▶ [REQUIRED ACTION]: Once you find the line with "Fiecare Bungalow are", transcribe it and all the lines that follow to the end of the data, exactly as written; skip any pictures.

▶ [DATASET EXTRACT]:
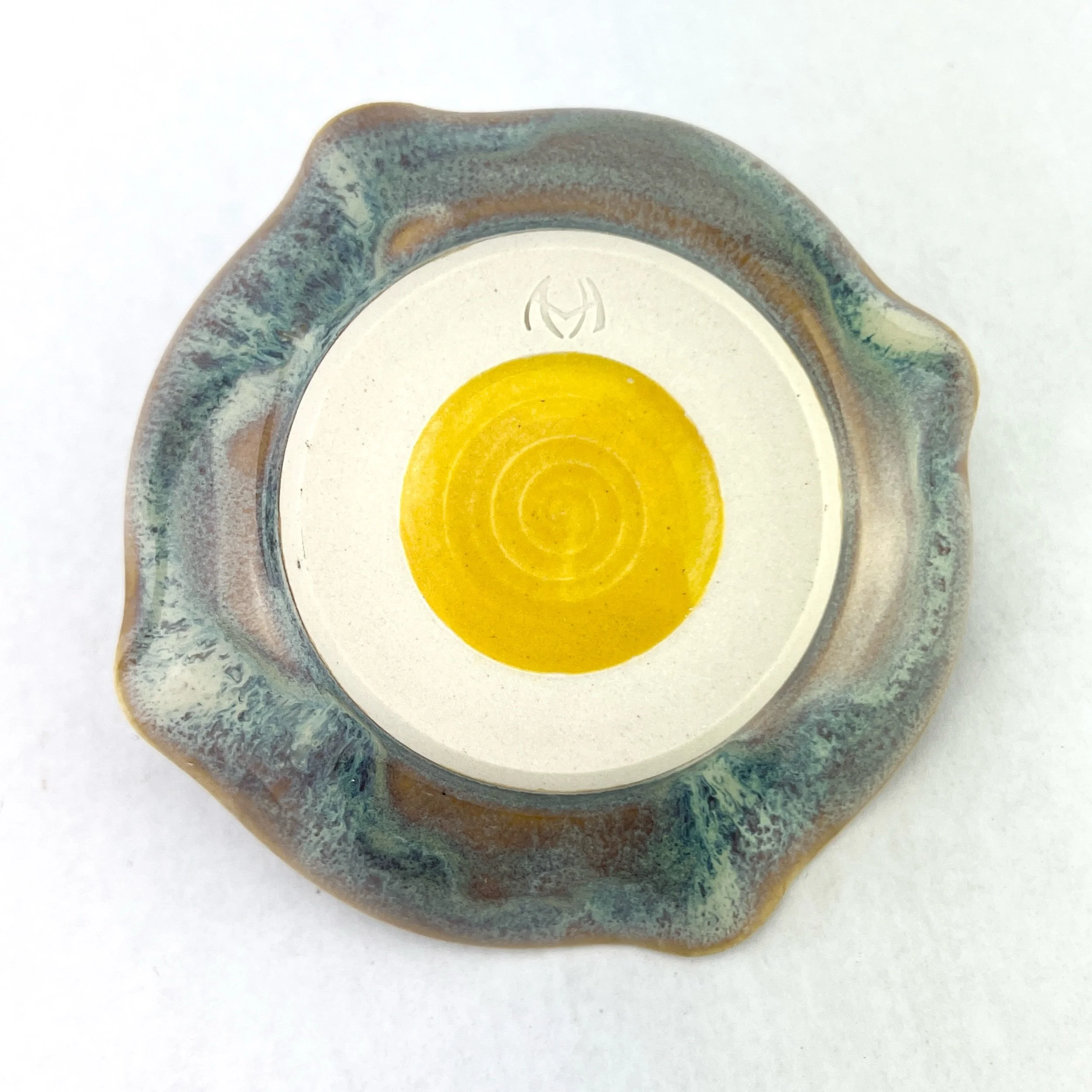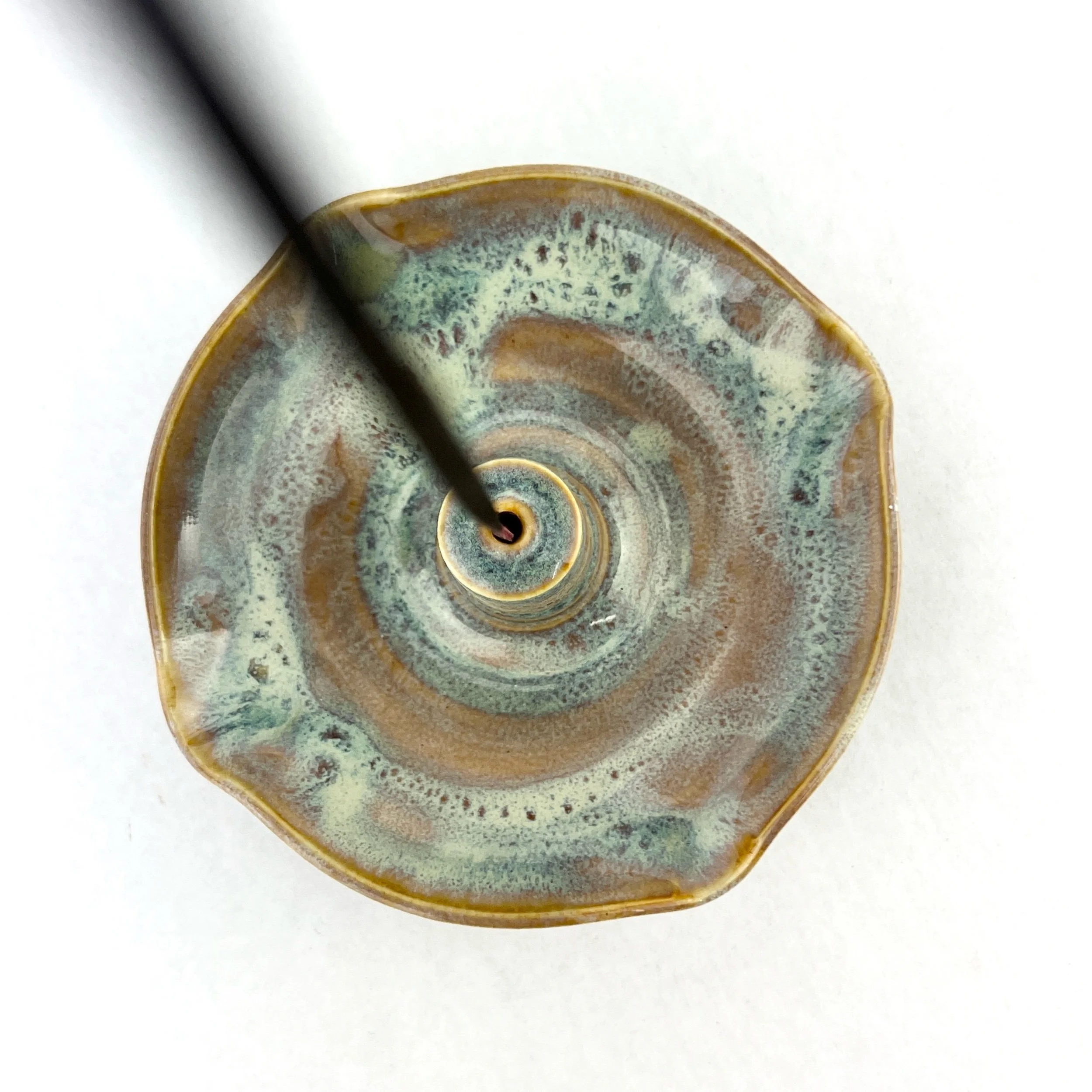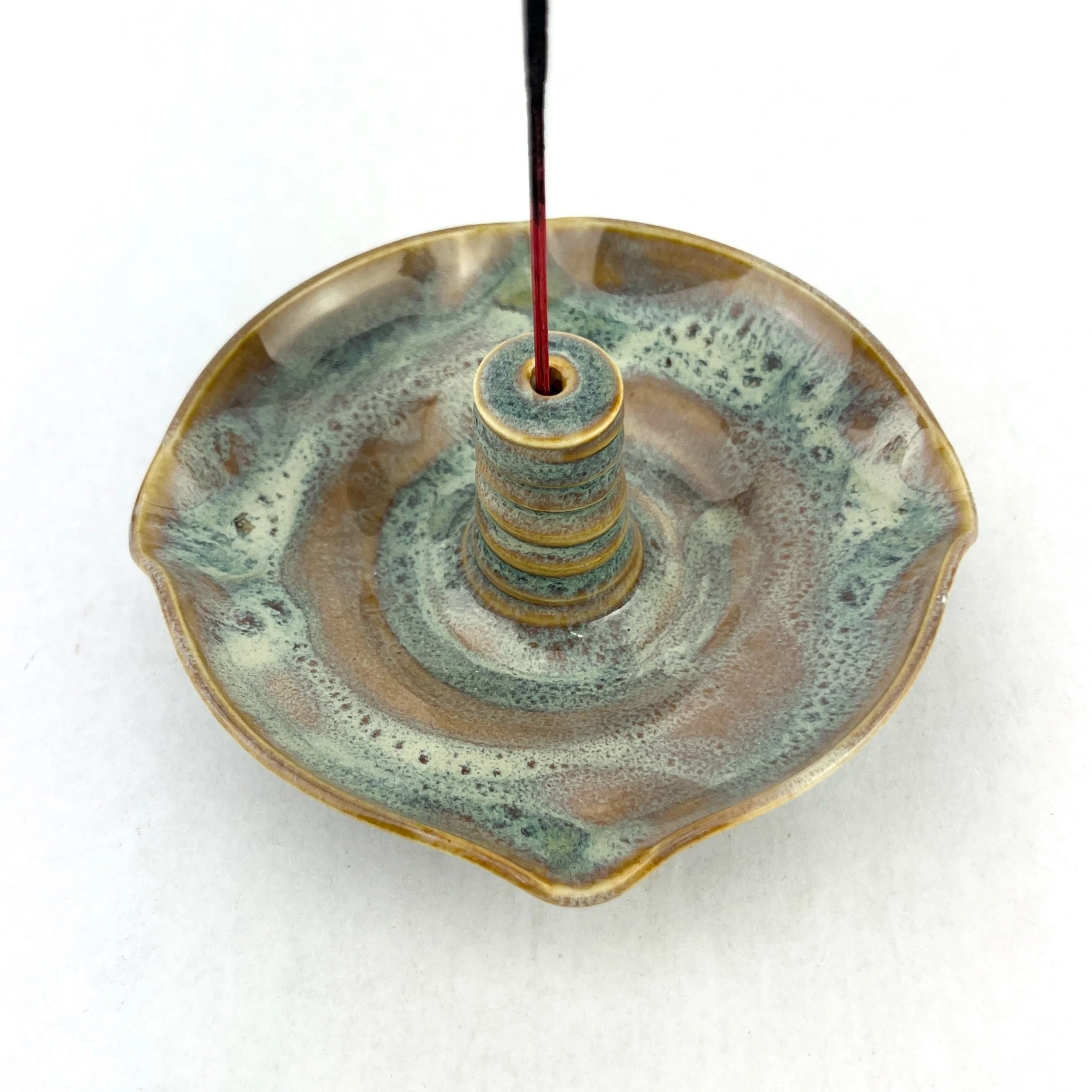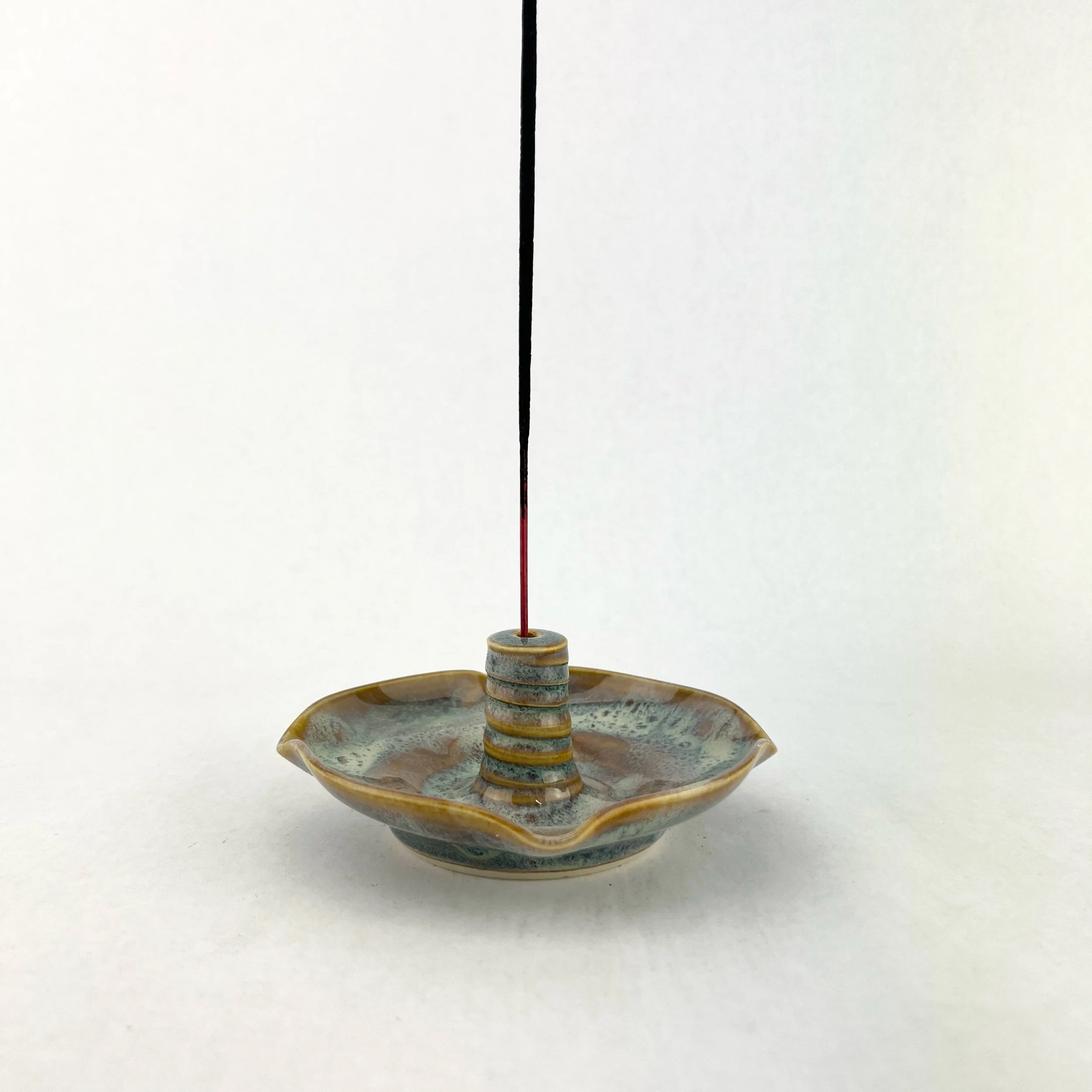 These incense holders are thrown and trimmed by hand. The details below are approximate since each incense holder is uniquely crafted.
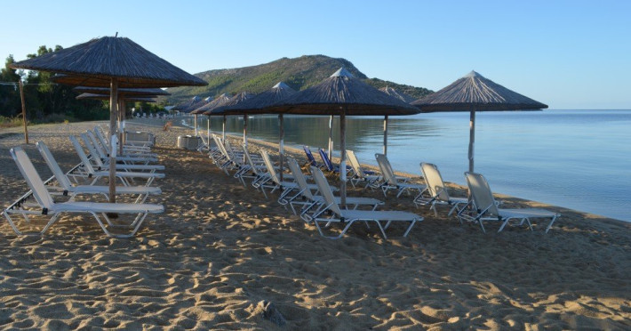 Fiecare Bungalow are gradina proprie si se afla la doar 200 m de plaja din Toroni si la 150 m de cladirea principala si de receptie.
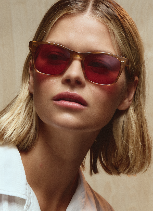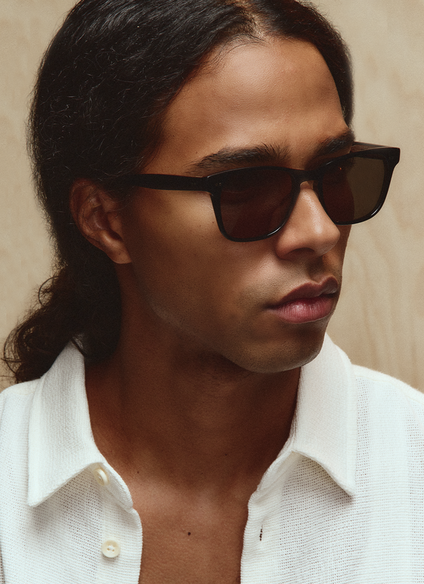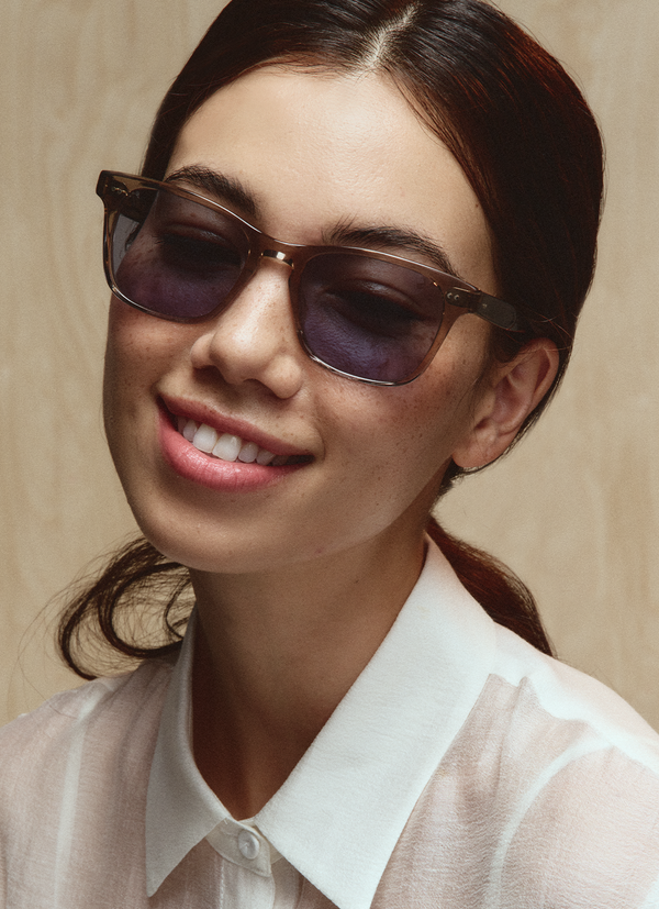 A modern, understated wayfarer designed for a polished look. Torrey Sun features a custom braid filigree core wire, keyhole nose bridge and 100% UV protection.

▶ [RESULT FOR THIS TASK]:
 Fiecare Bungalow are gradina proprie si se afla la doar 200 m de plaja din Toroni si la 150 m de cladirea principala si de receptie.
 A modern, understated wayfarer designed for a polished look. Torrey Sun features a custom braid filigree core wire, keyhole nose bridge and 100% UV protection.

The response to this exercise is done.